How Long-Term is the Demand for Bitcoin ETFs?

The total net inflows into spot Bitcoin ETFs launched in January 2024 has reached around 39 billion dollars. However, according to a report by 10x Research, a significant portion of these inflows stem from short-term trading strategies and arbitrage opportunities. Only a small fraction of investors are considering Bitcoin as a long-term investment.
Markus Thielen, the Research Head at 10x Research, mentioned that only 17.5 billion dollars, which is 44%, represent actual long-term investments. Arbitrage strategies, particularly methods known as “carry trade,” constitute 56% of the inflows. This strategy involves investors purchasing spot Bitcoins and simultaneously opening short positions in Bitcoin futures to profit from price differences between the two markets.
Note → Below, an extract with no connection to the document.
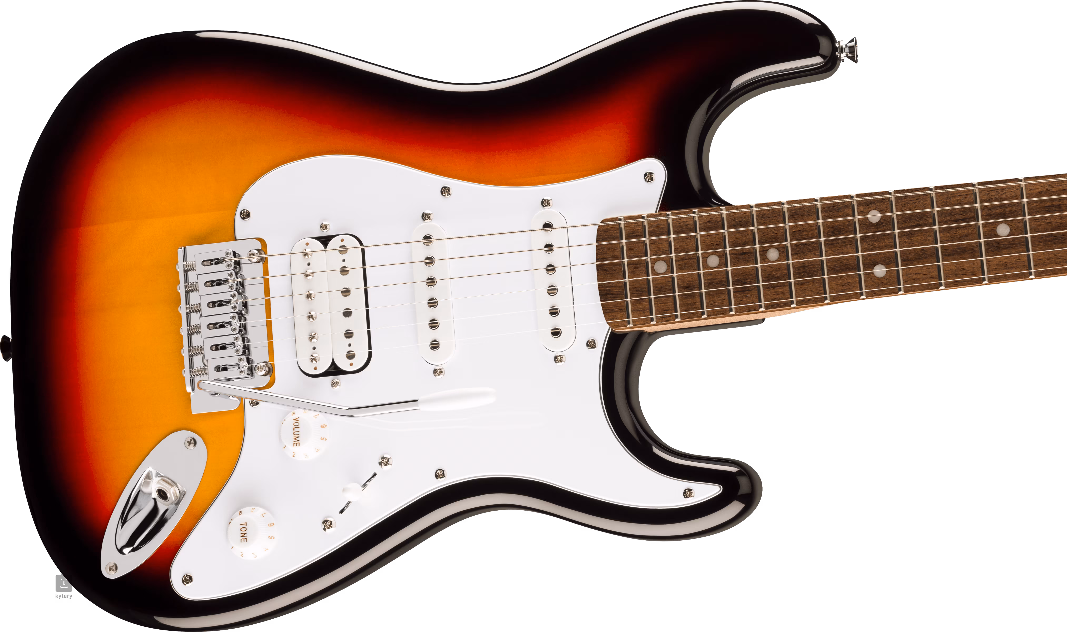 Fender Squier Affinity Series Stratocaster Junior HSS 3-Color Sunburst este un Strat cu un corp mai mic și un gabarit mai scurt (610 mm) care va fi pe placul adolescenților și al jucătorilor care preferă chitarele cu un corp mai compact și o claviatură mai ușoară. Corpul ușor de plop al instrumentului este acoperit cu un lac poliuretanic lucios. Gâtul de arțar cu șuruburi, cu un profil "C" mai îngust, este lipit de o claviatură de smochin prevăzută cu 20 de freturi Medium Jumbo. Orientarea claviaturii este facilitată de punctele de poziție din imitație de nucă de perle.

Thielen stated that this demonstrates a much lower real demand for Bitcoin than what is suggested in media reports.
Thielen noted that following the recent U.S. presidential elections, there has been an increase in long-term Bitcoin purchases, indicating a shift in buying behavior. Despite the increase in long-term purchases, a decrease in retail trading volumes has undermined funding rates, leading to a wave of ETF outflows. After the resignation of the cautious SEC Chairman Gary Gensler regarding crypto regulations, the asset management company 21Shares applied for a Polkadot ETF. This application was made at a critical time for the future of crypto ETFs. Additionally, Tuttle Capital Management has applied for crypto-based leveraged ETFs, including funds linked to popular meme coins. Analysts suggest that these applications are part of a strategy to test the boundaries of crypto-friendly regulators at the SEC during the Trump era.